MySQL Bugs: #87700: Strict comparisons of UTF8MB4 Values Fail and resolve to the same 'placeholder'

Bug #87700	Strict comparisons of UTF8MB4 Values Fail and resolve to the same 'placeholder'
Submitted:	8 Sep 2017 5:17	Modified:	9 Sep 2017 20:47
Reporter:	Shawn Grigson	Email Updates:
Status:	Duplicate	Impact on me:	None
Category:	MySQL Server: Charsets	Severity:	S3 (Non-critical)
Version:	5.6.37	OS:	MacOS ((Running off of Docker, latest 5.6 jessie build))
Assigned to:		CPU Architecture:	Any

Description:
Attempting to do a match between two strings with emojis using the equality operator (or even a strictly equal LIKE statement without wildcards) will fail.

What seems to be happening is that all of the 4th-byte UTF8MB4 characters are resolving to some sort of 'placeholder' behind the scenes. So every emoji essentially is being matched against as the same character.

But the rest of us know that 🍕 != 🍔.

Interestingly, doing a LIKE comparison (involving wildcards) and a REGEXP works properly. There's something afoot with the strict equality comparison logic.

No amount of COLLATE statements, or `SET NAMES utf8mb4 COLLATE utf8mb4_general_ci;` being executed will fix this. This is something wrong in MySQL.

How to repeat:
Running the following sql:

select '🍕 test' = '🍔 test' as comparison1, '🍕 test' = '🌶 test' AS comparison2, '🍕 test' = 'X test' AS comparison3;

Returns a result of 1, 1, 0.

Note that:

select '🍕 test' REGEXP '^(🍔 test)$' as result1, '🍔 test' REGEXP '^(🍔 test)$' as result2;

returns 0, 1 as we would expect.

Suggested fix:
🍕, 🍔, 🌶, ⎋, and all the other emojis and special characters should be treated by strict equality comparisons as distinct characters and not resolve all of them to the same character when doing matching.

After further investigation, when I ran `SET NAMES utf8mb4 COLLATE utf8mb4_unicode_520_ci;` prior to the strict equality statement, it worked.

This came up as part of a reference thread suggesting that collation for comparing against emojis.

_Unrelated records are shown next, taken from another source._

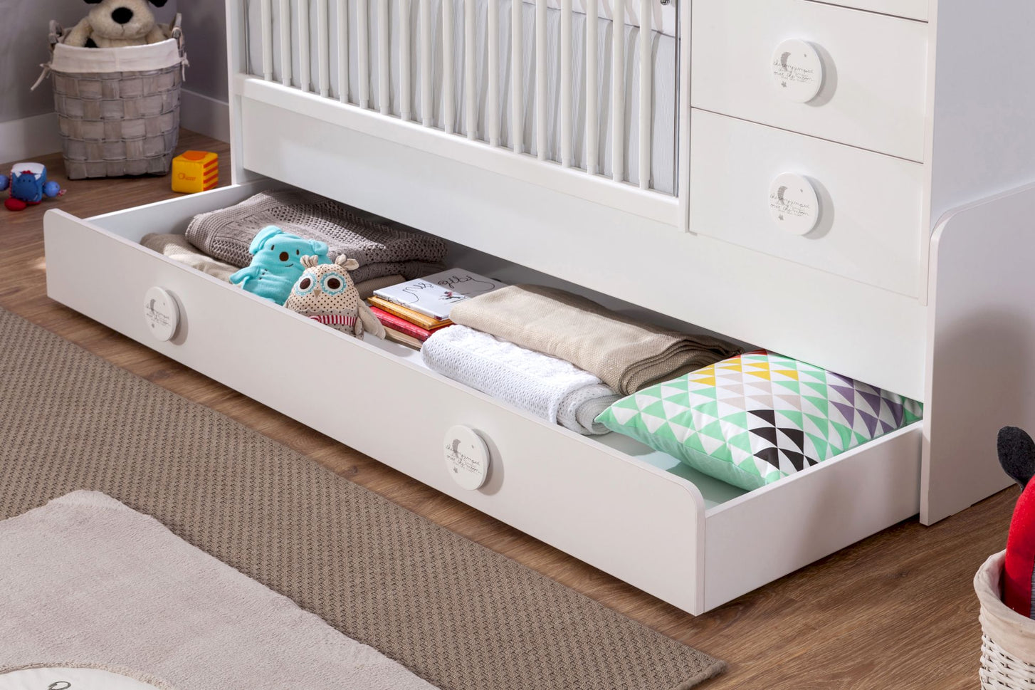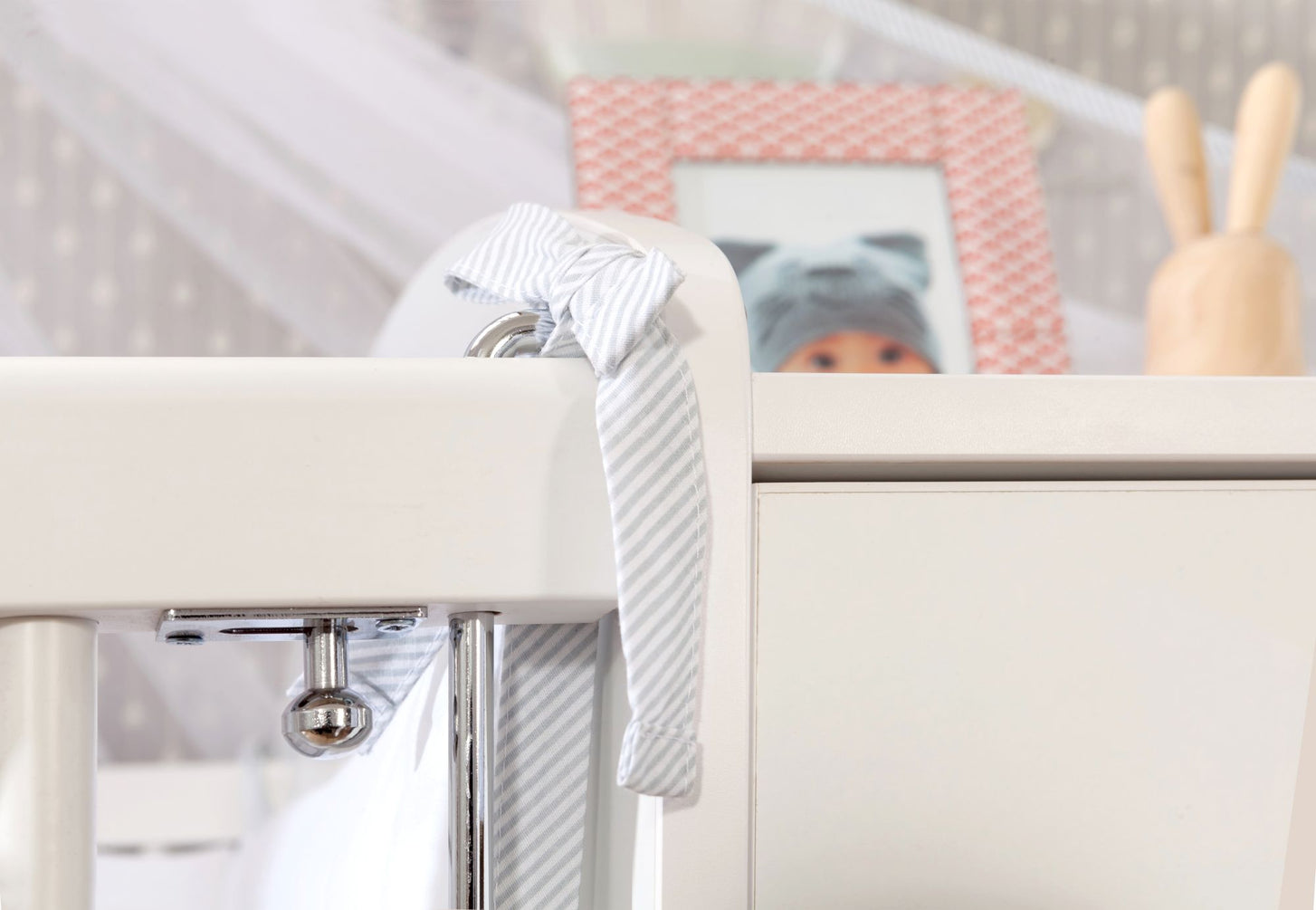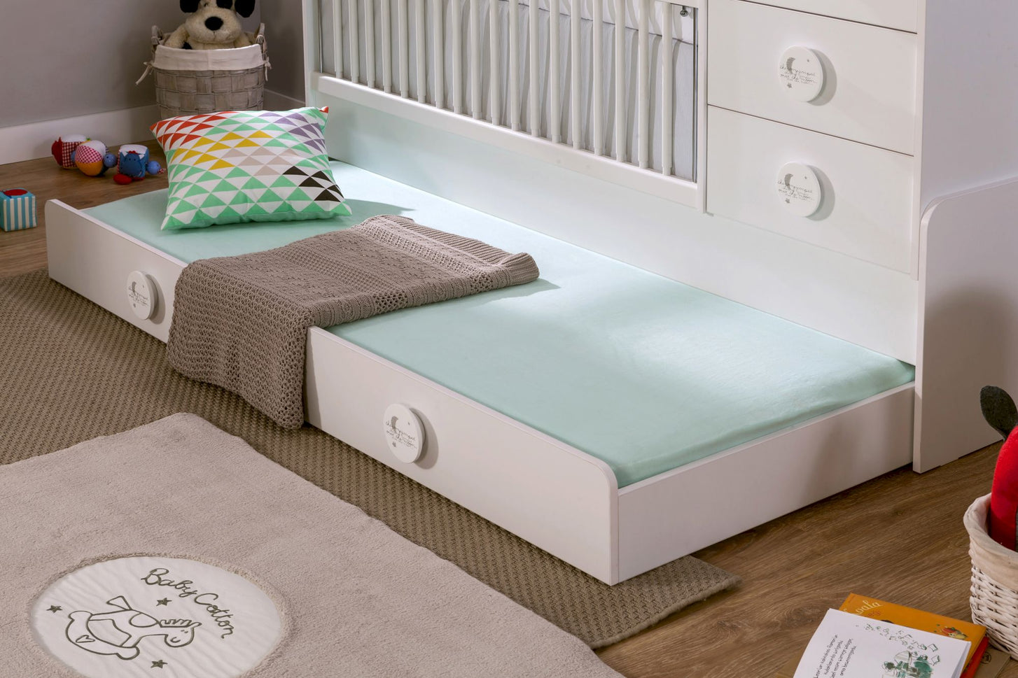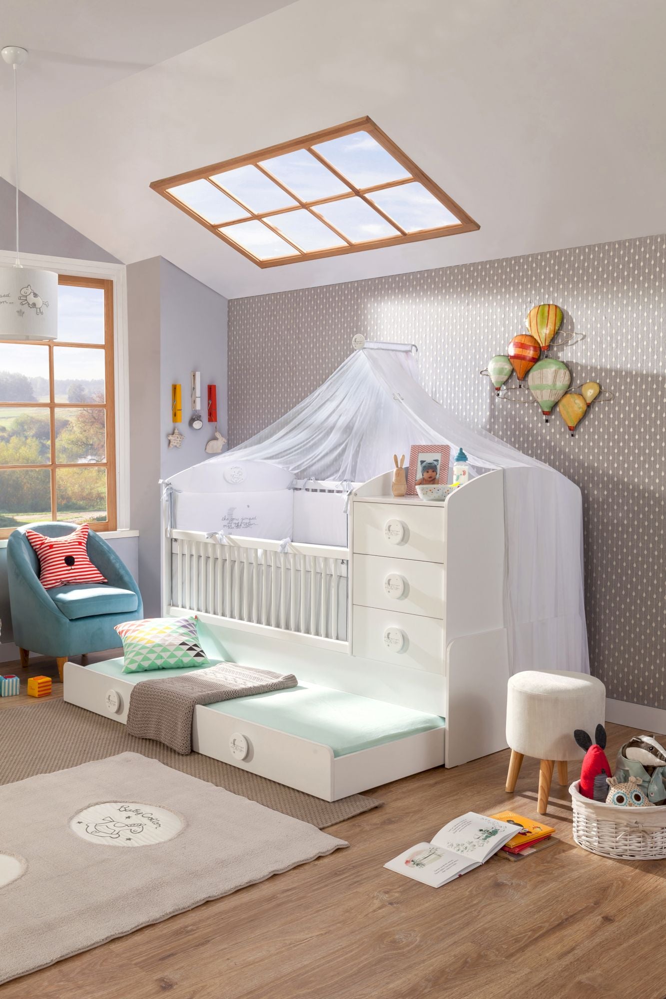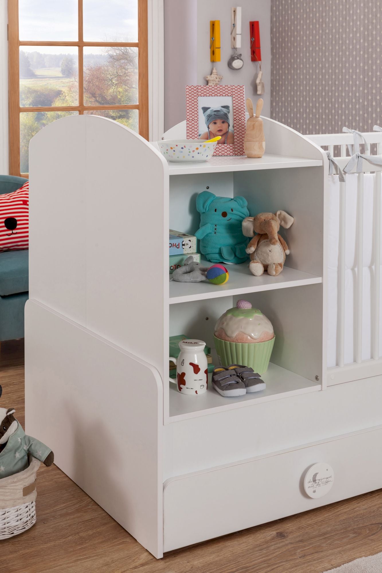 Die Farbe weiß ist zeitlos elegant, wie unsere Babyzimmer-Serie "Baby Cotton" eindrucksvoll zeigt. Pflegeleichte Oberflächen und frei von jeglichen Schad- und Giftstoffen ist es zudem perfekt für die Kleinsten geeignet. Dieses Babybett wächst sozusagen mit. Am Anfang bietet es mit einer Liegefläche von 80x130 cm genügend Platz für das Neugeborene. Eine Wickelkommode wurde in das stabile Bett bereits mit integriert. Die Gitterfront lässt sich leicht abmontieren. Sobald das Kind größer wird, lässt sich das Bett mühelos auf eine Liegefläche von 80x180 cm erweitern. Die ehemalige Wickelkommode verwandelt sich dann in zwei kleine Regale.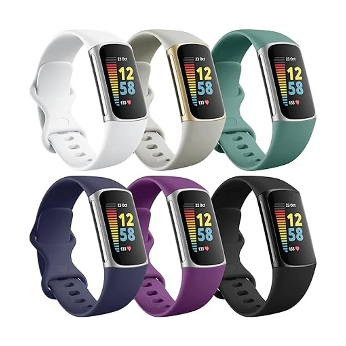 Ouwegaga Compatible con Fitbit Charge 5 Band para mujeres y hombres, correa deportiva suave e impermeable de repuesto para Fitbit Charge 5 Advanced Fitness Tracker, paquete de 6 unidades S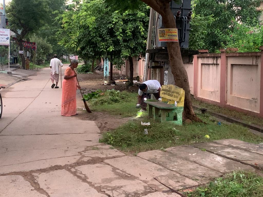 ఒక పంచాయతీ వార్డు మాజీ ప్రతినిధీ, ఇంకో వ్యాపారీ గోకుడు పారల్తో గజాల బాటను గోకుతున్న వైనం –(అదేదో ఫొటోల కోసం కాదు-) ఎవరైనా దగ్గరగా గమనిస్తే- ‘గంటన్నర కాలం వంచిన నడు మెత్తకుండా – ఈ వేకువ వేళ ఎలా శ్రమించ గలుగుతున్నారు!’ అని ఆశ్చర్యపడకమానరు!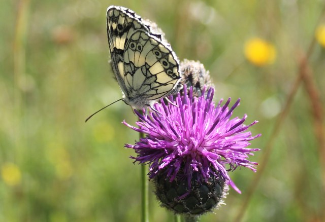 Steep steps lead up to a glorious chalk meadow and thankfully, given how hot it is, there are lots of shady patches round the edges. I spot common and greater knapweed, agrimony, yellow rattle, hedge and lady’s bedstraw, quaking grass, perforate St John’s wort, kidney vetch, pyramidal orchid and goatsbeard… and hundreds of marbled white […]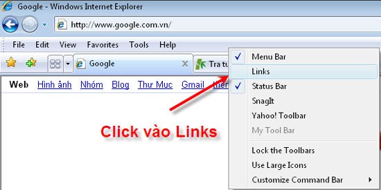 Nếu chưa thấy, bạn hãy nhấp chuột phải vào một vùng trống trên thanh Menu và chọn Links để kích hoạt nó.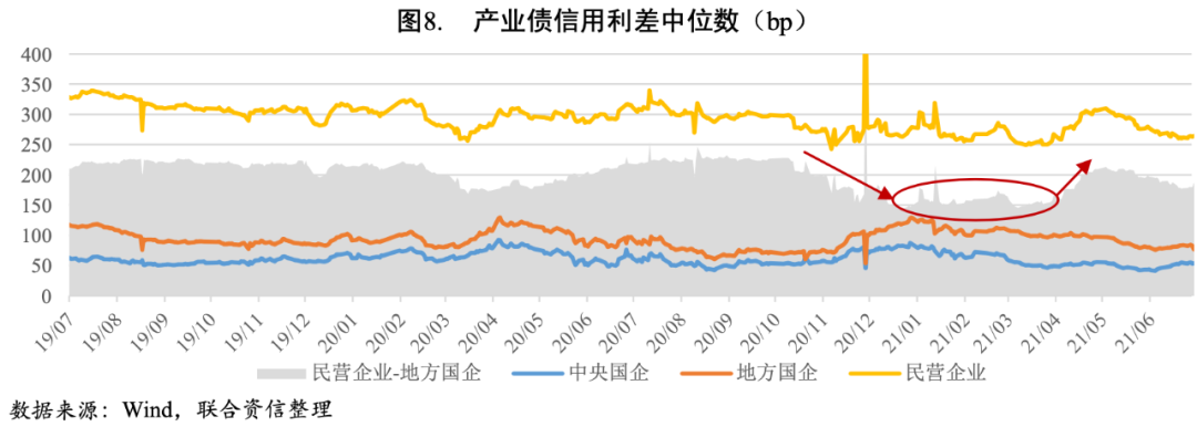 2021年上半年,債券市場(chǎng)新增違約主體18家,到期違約金額合計(jì)約778.97億元,較上年同期有所上升,債券市場(chǎng)信用風(fēng)險(xiǎn)繼續(xù)釋放。從信用利差來(lái)看,在上年四季度連續(xù)發(fā)生大型國(guó)企的違約事件后,地方國(guó)企的產(chǎn)業(yè)債信用利差迅速走高,與民營(yíng)企業(yè)產(chǎn)業(yè)債信用利差之差(圖8中灰色部分)縮窄近80bp,今年一季度仍保持在較低的150bp左右,與一季度國(guó)企違約事件頻發(fā)[4]相印證,高杠桿、弱資質(zhì)國(guó)企信用風(fēng)險(xiǎn)繼續(xù)暴露;二季度國(guó)、民企利差出現(xiàn)分化,民營(yíng)企業(yè)信用利差上行,地方國(guó)企信用利差呈下行趨勢(shì),反映出二季度民企違約數(shù)量有所增加,信用風(fēng)險(xiǎn)上升,市場(chǎng)對(duì)地方國(guó)企的擔(dān)憂情緒有所緩和。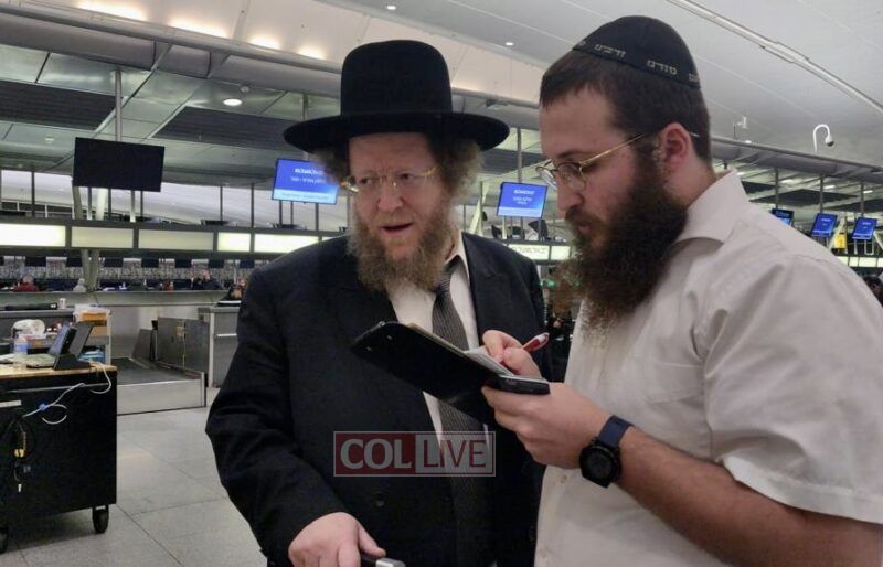 Rabbi Sholom Ber Sorotzkin, Rosh Yeshiva of the Ateres Shlomo kollel and yeshiva network, signs up his grandchild for a letter in the Children’s Sefer Torah at Chabad at JFK airport in New York. More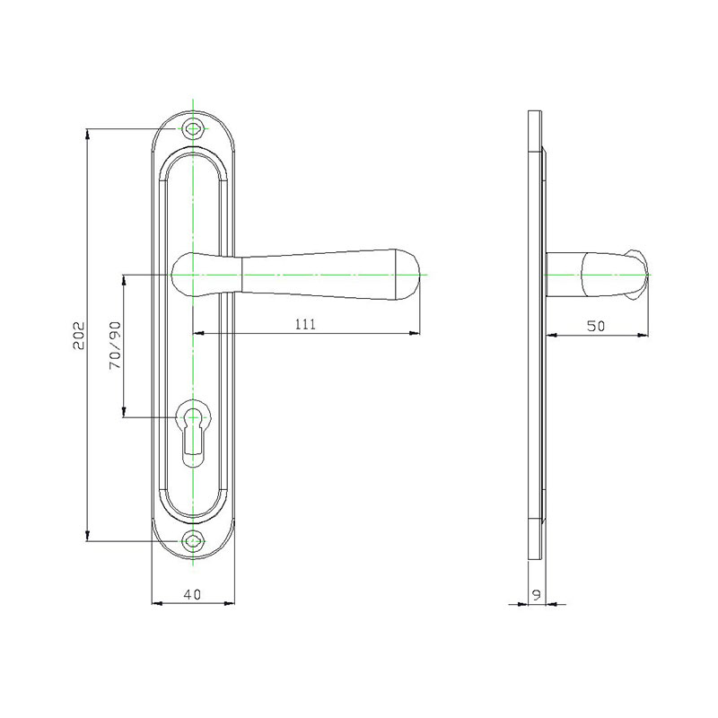 The handle is designed for installation on entrance doors, interior doors, service rooms, etc.with interior lock fitted. Handles of this type are preferred for rooms where maximum security is not sought. These can be balcony doors, office doors, production room doors and others.

The problem is that a lot of libraries (mysqljs come to my) simply hardcode in the collation as the default for the charset you specify. (so utf8mb4_general_ci in that case).

I would still say that this seems more like a bug than anything that should be 'expected behavior'.

Similar issue is known as "Sushi-Beer issue"
 https://bugs.mysql.com/bug.php?id=76553

Also, in MySQL Server Blog
 http://mysqlserverteam.com/sushi-beer-an-introduction-of-utf8-support-in-mysql-8-0/

Thank you for the bug report. Duplicate of https://bugs.mysql.com/bug.php?id=76553.